Reading Online Novel

Kiss of Midnight(64)



Lucan growled, forced to remember her horrified expression again and again since he’d slain the Minion.

He could still see her take a faltering step backward, her eyes wide with terror and revulsion. She had seen him for what he truly was—had even flung the word at him in accusation the instant before she’d fled.

He hadn’t tried to stop her, not with words or by force.

All he’d known in that moment was the pure rush of fury as he drained his prey dry. Then he’d dropped the body like the rubbish it was, feeling a further surge of rage when he considered what might have happened to Gabrielle had she fallen into Rogue hands. Lucan had wanted to tear the human apart—nearly had, he acknowledged, vividly recalling the savagery he had wrought.

He, the cool one, so fierce in his control.

What a fucking joke.

His carefully held mask had been slipping from the moment he had first met Gabrielle Maxwell. She made him weak, exposed his flaws.

Made him want things he could never have.

He stared up at that second-floor window, chest heaving as he battled a fierce urge to leap up there, smash his way in, and take Gabrielle someplace where he could keep her all to himself.

Let her fear him. Let her despise him for what he was, so long as he could press her warm body down beneath him, easing his pain as only she could do.

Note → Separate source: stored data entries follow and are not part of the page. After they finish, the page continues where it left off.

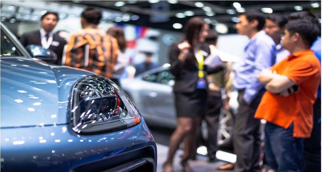
Görsel 2.1: Toplantı hâlindeki katılımcılar

Otomotiv Fuarları: Otomobil üreticileri, otomotiv profesyonelleri ve tüketicilerin buluştuğu etkinliklerdir (Görsel 2.1). Örneğin İstanbul Otomobil Fuarı gibi uluslararası etkinlikler, yeni araç modellerinin tanıtıldığı, sektördeki son eğilimlerin sergilendiği önemli platformlardır.
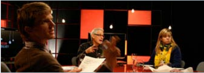
Préparation du plateau de «Au cœur du sujet»
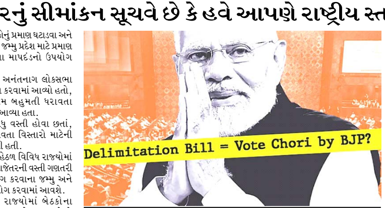
ગેરીમેન્ડરિંગ એટલે જીતવા માટે ચૂંટણી ક્ષેત્રોની સીમાઓ સાથે છેડછાડ કરવી

કિસ્કો વિરોધ કર્યો છે કે, તાજેતરના આસામ અને જમ્મુ-કાશ્મીરના ઉદાહરણોનો ઉપયોગ કરીને, નરેન્દ્ર મોદી સરકારનું સીમાંકન બિલ લોકસભા બેઠકોને કેવી રીતે ફરીથી આકાર આપી શકે છે. આ અહેવાલ વસ્તી ડેટાના પસંદગીયુક્ત ઉપયોગ, ગેરીમેન્ડરિંગ અને વિપક્ષ-મજબૂત પ્રદેશો, ખાસ કરીને દક્ષિણ, પંજાબ અને કાશ્મીર પર તેની અસર પર ધ્યાન કેન્દ્રિત કરે છે. શું ભાજપના રાજકીય લાભને વધારવા માટે સીટની સીમાઓ ફરીથી બનાવવામાં આવી રહી છે? નરેન્દ્ર મોદી સરકાર સીમાંકન બિલ રજૂ કરવા માટે તૈયાર છે. બિલમાં મતવિસ્તારોની સીમાઓ ફરીથી દોરવામાં આવશે અને લોકસભાની કુલ બેઠકોની સંખ્યા ૫૪૩થી વધારીને ૮૫૦ કરવામાં આવશે. નવીનતમ વસ્તી ગણતરી મુજબ દરેક રાજ્યમાં કુલ બેઠકોની સંખ્યા બદલવામાં આવશે.
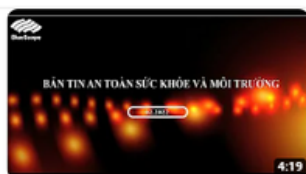
Feb. 22| OHSE News
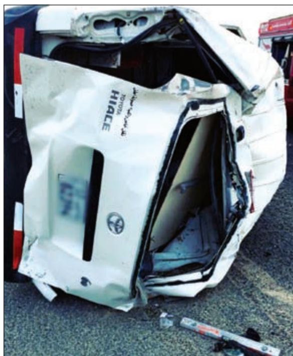
الباص عقب انقلابه على طريق الوفرة وقد تهشم من جميع جوانبه
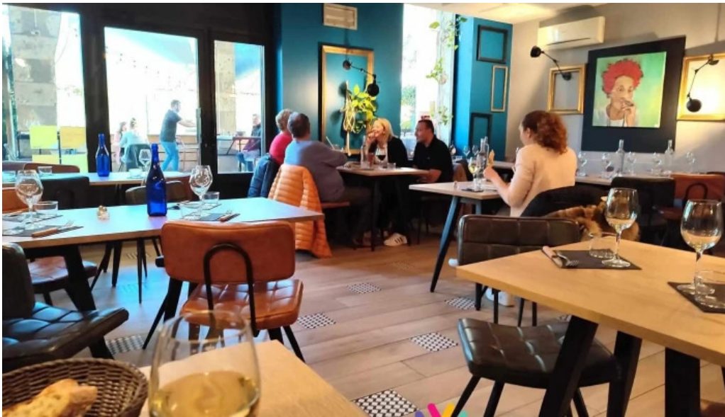
Le bistronome tout
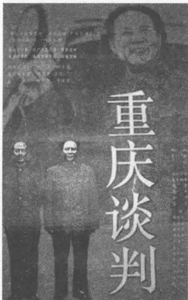
◎《重庆谈判》电影海报

年8月28日飞抵重庆，与国民党进行谈判。谈判进行了43天，蒋介石被迫承认中国共产党提出的和平建国的基本方针，统一召开有各党派代表及社会贤达参加的政治协商会议。但在解放区政权和军队等根本问题上，尽管中国共产党多次作出让步，蒋介石仍坚持所谓军令政令“统一”，以致双方在这些问题上未能达成一致。10月10日签订《政府与中共代表会谈纪要》——即《双十协定》，11日毛泽东返回延安，周恩来、王若飞仍留重庆继续与国民党代表商谈。
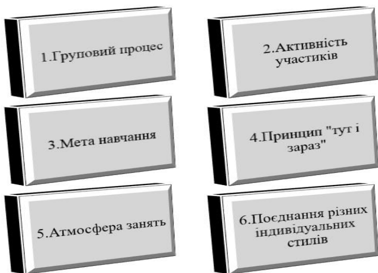
Рис. 1. Особливості тренінгу як форми діяльнісного навчання

Тренінг як форма професійної підготовки педагогів, включає низку організаційних блоків.
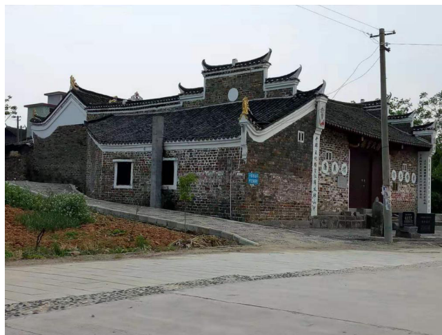
图 1 明朝洪武五年由湖广平章杨易创建的城步杨家将村杨氏官厅

英雄杨再兴不容辞的走在抗金前列与金军金兀术 20 万大军作生死搏斗，最后战死临颖县的小商河上。全国兀术杀害杨再兴后抢走了大量百姓（劳力和女人，老弱病残全部杀光）和数以千万计的金银财物、牛、马、羊牲口，给宋朝造成了重大的战争灾害，才有了岳飞的《满江红》“靖康耻、犹未雪、臣子恨、何时灭……”
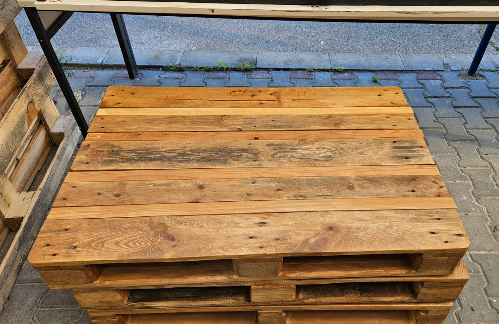
Obr. 28 - Detailní pohled na stoly, přesněji pohledové kusy, na které se budou odkládat věci. Mezery jednotlivými prkny byly vyplněny menšími kusy, které jsme složitě zhoblovali aby se vešly do spár a zařízly na požadovanou délku.
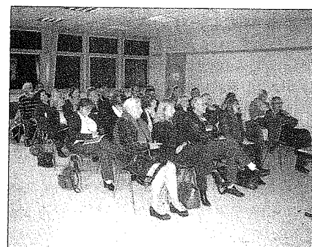
■ Réunion d'information organisée par la mairie. Chaque usager, un cas particulier.

50 partenaires (compagnies et mutuelles). "Ma commune, ma santé" est l'opération lancée par Actiom auprès des municipalités, mais sans lien contractuel avec elles. Celles-ci peuvent informer les habitants, héberger une boîte aux lettres d'Actiom. Cœur de cible: non salariés, personnes isolées et/ou en précarité, retraités. Tarifs et prestations peuvent être différenciés dans un foyer. « Si demain, des adhérents sont déçus, les prestataires pourront changer », précise le maire.
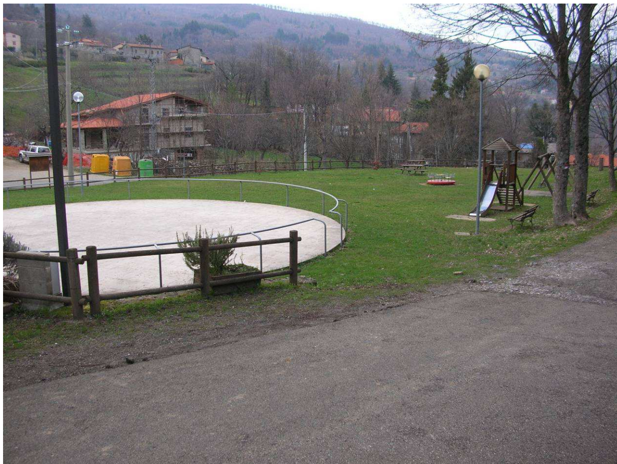
Area Ricovero Popolazione 03R – Area verde e Sportiva Cetica – Area Verde
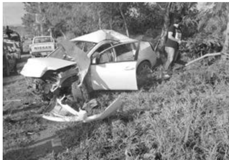
EL COCHE quedó completamente inservible.

Al final, una grúa particular se encargó de llevarse el vehículo hasta los patios de un corralón.
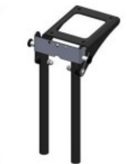
27 Angle genou 90°
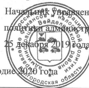
График проведения ревизий и проверок на первое полугодие 2020 года
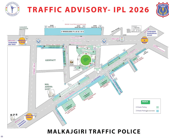
TRAFFIC ADVISORY- IPL 2026. MALKAJGIRI TRAFFIC POLICE
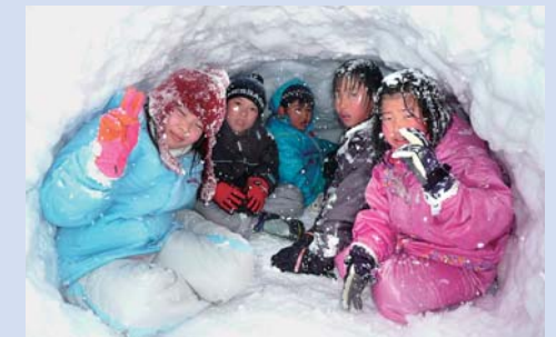
かまくらの中で記念撮影

清流高梁川でのカヌー体験は、夏休みの始まりにふさわしい体験として定着している事業です。子どもたちは、カヌーや水の生き物観察に挑戦し、クラブのお父さんたちが作った焼きそばとかき氷を味わい大満足の1日でした。
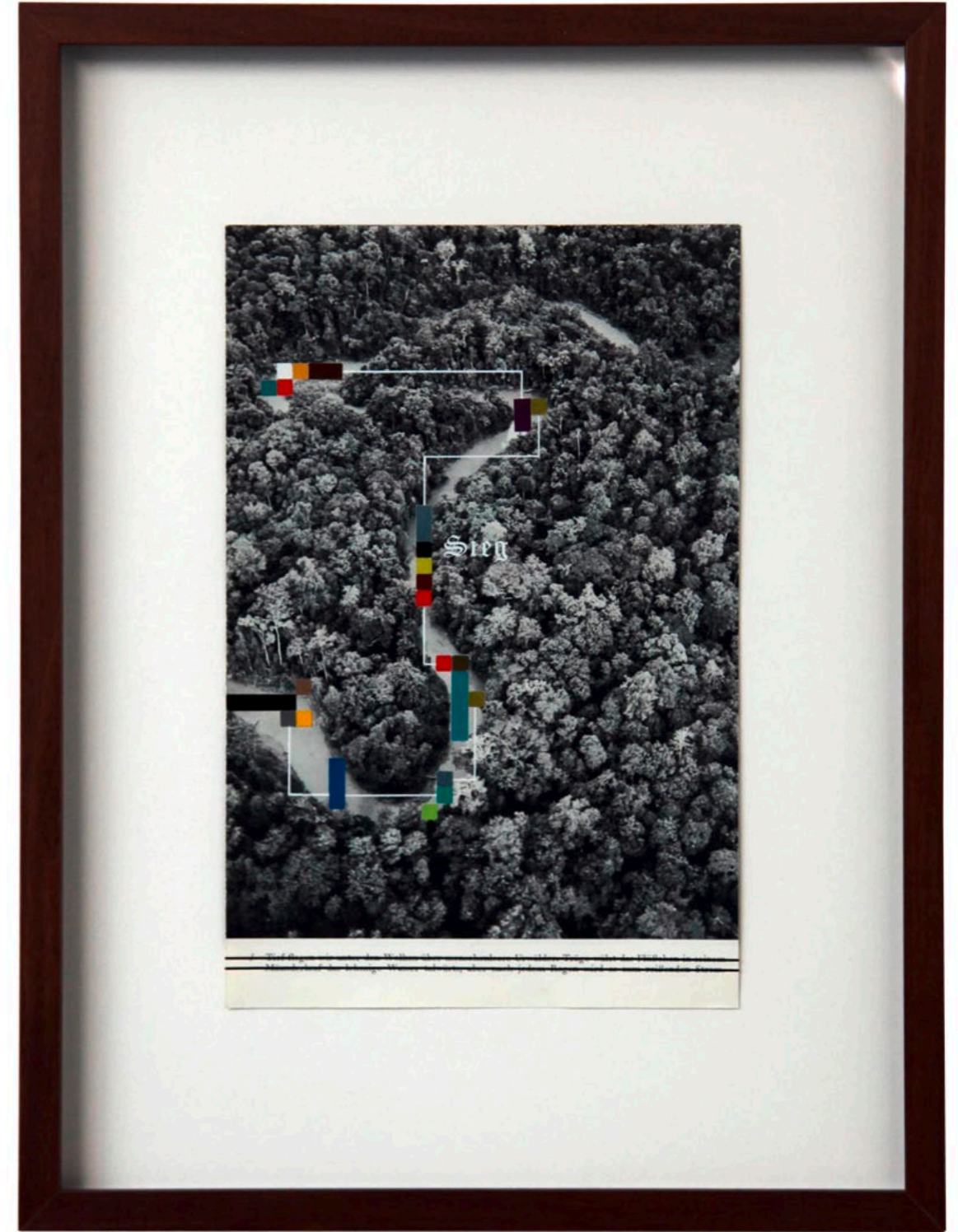
o.T. Collage auf Buchseite · 35,5 x 26,5 cm gerahmt · 2011

Yes, the beast within him snarled, knowing only want and need.

Before the impulse to have her could win out, Lucan fisted his hand and brought it down hard on the hood of the off-duty police officer’s car. The vehicle alarm howled, and as curtains parted in every nearby window at the disturbance, Lucan leaped off the curb and jogged into the shadows of the waning night.



“Everything’s okay,” Megan’s boyfriend said, coming back into her apartment after he’d gone out to investigate the sudden trip of his car alarm. “Damn thing’s always had a hair trigger. Sorry ’bout that. Not like we needed any added tension tonight, eh?”

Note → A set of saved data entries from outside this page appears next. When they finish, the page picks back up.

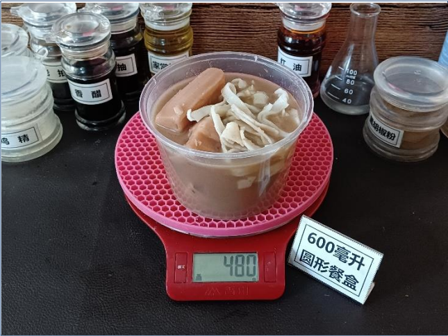
↑ 600毫升圆形餐盒 盛装480克糊豆丝
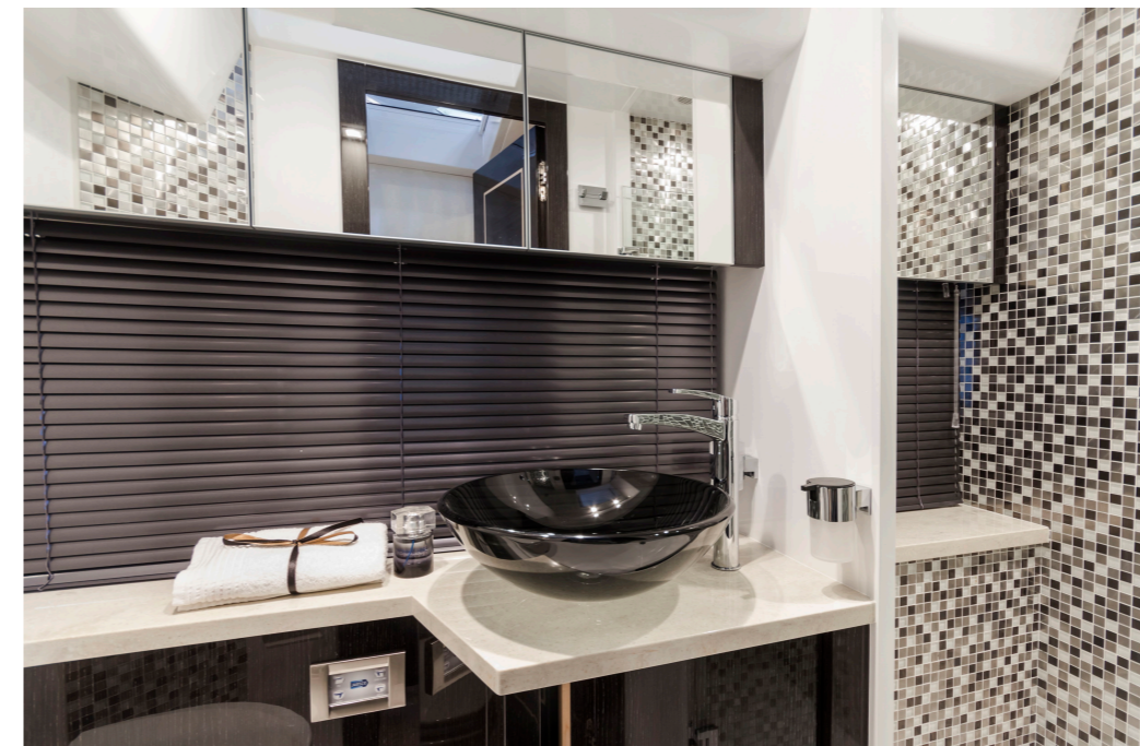
Deux grandes salles de bain avec douche murale sont à disposition
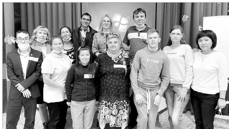
Участники проекта «Наша жизнь — в наших руках»
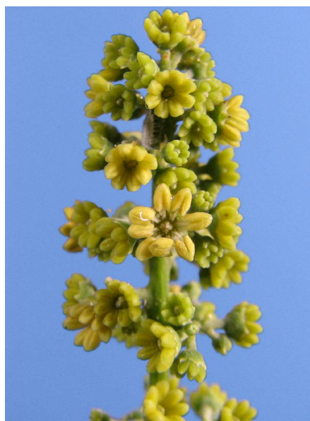
Abb. 4: Nephelium coriaceum , Blütenstand einer dem Rambutan nah verwandten Art (V. M. DÖRKEN).

Die Fruchtschale der Litschi ist aus kleinen fünf- bis sechseckigen Feldern zusammengesetzt (Abb. 5), bei Rambutan ist jedes dieser Felder mit einem langen, spitzen, borstigen Auswuchs versehen (Abb. 6). Darauf nimmt auch die volkstümliche Bezeichnung im Ursprungsland des Rambutans Bezug (rambut = Haar).
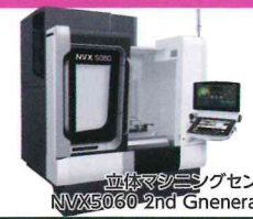
立形マシニングセンタ/ NXV5060 2nd Generation
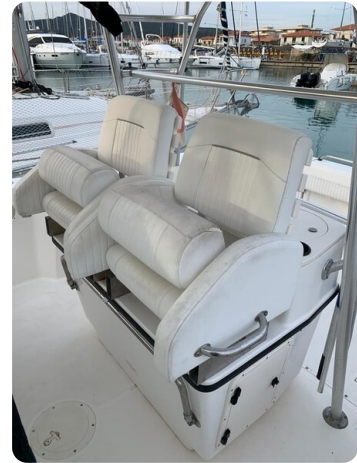
Boston 28 Outrage helm seats
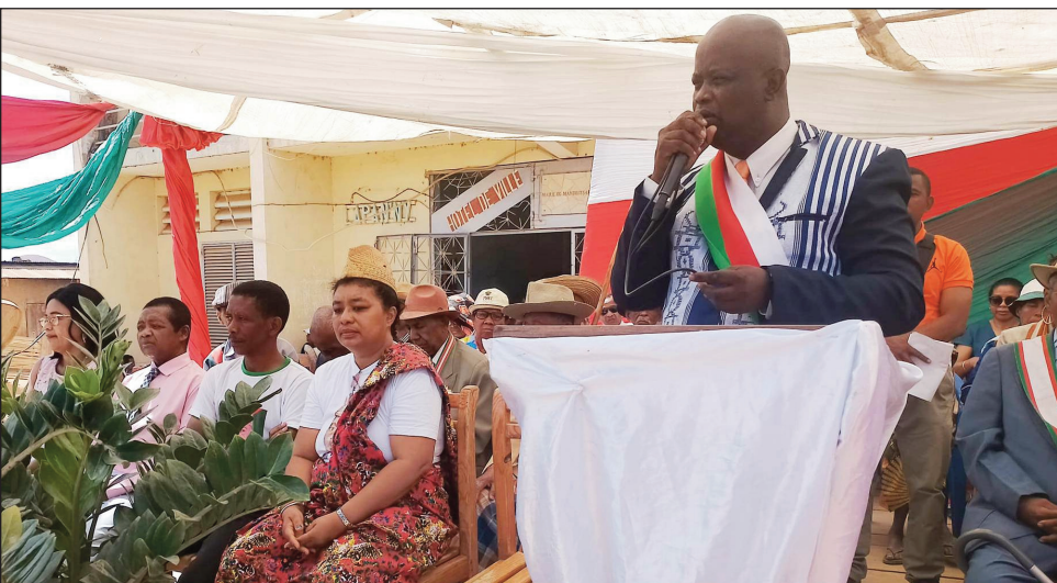
Ny fankalazana ny 14 oktobra 1958 tany Mandritsara faritra Sofia.

“Probably just kids causing trouble,” Megan added from beside Gabrielle on the sofa.

Gabrielle nodded in vague agreement at her friend’s attempt to soothe her, but she didn’t believe it for a second.

It was Lucan.

She had felt him outside with an inner sense she couldn’t begin to describe. It wasn’t fear or dread, just a marrow-deep awareness that he was close by.

That he needed her.

Wanted her.

God help her, but she had actually been hoping he’d come to the door, haul her out of there, and help her make sense of the horror she had witnessed a short while ago.

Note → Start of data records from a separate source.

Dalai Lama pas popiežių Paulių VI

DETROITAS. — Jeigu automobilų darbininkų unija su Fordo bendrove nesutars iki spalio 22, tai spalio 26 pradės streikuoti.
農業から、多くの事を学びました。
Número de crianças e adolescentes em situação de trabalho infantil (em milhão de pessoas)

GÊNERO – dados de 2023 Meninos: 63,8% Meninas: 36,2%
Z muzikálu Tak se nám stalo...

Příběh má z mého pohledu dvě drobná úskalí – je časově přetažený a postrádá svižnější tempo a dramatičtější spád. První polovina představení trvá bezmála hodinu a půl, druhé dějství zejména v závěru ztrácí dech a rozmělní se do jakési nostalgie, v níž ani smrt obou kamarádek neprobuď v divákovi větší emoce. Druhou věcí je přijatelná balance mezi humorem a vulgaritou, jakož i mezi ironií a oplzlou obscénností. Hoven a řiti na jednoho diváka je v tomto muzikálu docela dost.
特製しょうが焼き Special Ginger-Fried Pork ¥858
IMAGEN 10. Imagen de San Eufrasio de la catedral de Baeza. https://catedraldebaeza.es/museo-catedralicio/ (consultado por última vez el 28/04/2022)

He was gone now, however. She felt his absence as strongly as she’d known he had followed her to Megan’s.

“Are you warm enough, Gabby? Would you like more tea?”

“No, thanks.”

Gabrielle held on to the tepid cup of chamomile with two hands, feeling a chill inside of her that no amount of blankets or hot water could chase away. Her heart was still racing, her head still reeling from confusion and stark disbelief.

Lucan had torn open that guy’s throat.

With his teeth.

He’d put his mouth to the wound and drank the blood that gushed out over his face.

He was a monster, like something out of a nightmare. Like those same fiends who attacked and killed the punker outside the nightclub—something that seemed so far in her past now that she could hardly believe it happened.

But it had, just as tonight’s slaying had happened, too: this time with Lucan at the center of it.

Gabrielle had gone to Megan’s out of desperation, needing to be somewhere familiar, yet too afraid to go to her own apartment in case Lucan’s friend might be waiting for her there. She had told Megan and her boyfriend, Ray, how she’d been accosted on the street by the psycho from the police station. She’d relayed the facts that he’d also been spying on her a few days earlier, and when he’d confronted her tonight, he did so with a gun in his hand.

She wasn’t sure why she’d left Lucan entirely out of the story, crucial as his presence was. She supposed it was partly because regardless of his methods, he had killed tonight in order to protect her, and she felt a need to offer some of the same consideration to him.

Even if he was a vampire.

God, it sounded ridiculous even to think it.

“Gab, honey. You need to report what happened. The guy sounds seriously unhinged. The police need to hear about this, they need to get him off the street. Ray and I can take you. We’ll go downtown and find your detective friend—”

“No.” Gabrielle shook her head, setting her cold tea onto the sofa table with only the slightest quiver in her hands. “I don’t want to go anywhere tonight. Please, Megan? I just need to rest for a little while. I’m so tired.”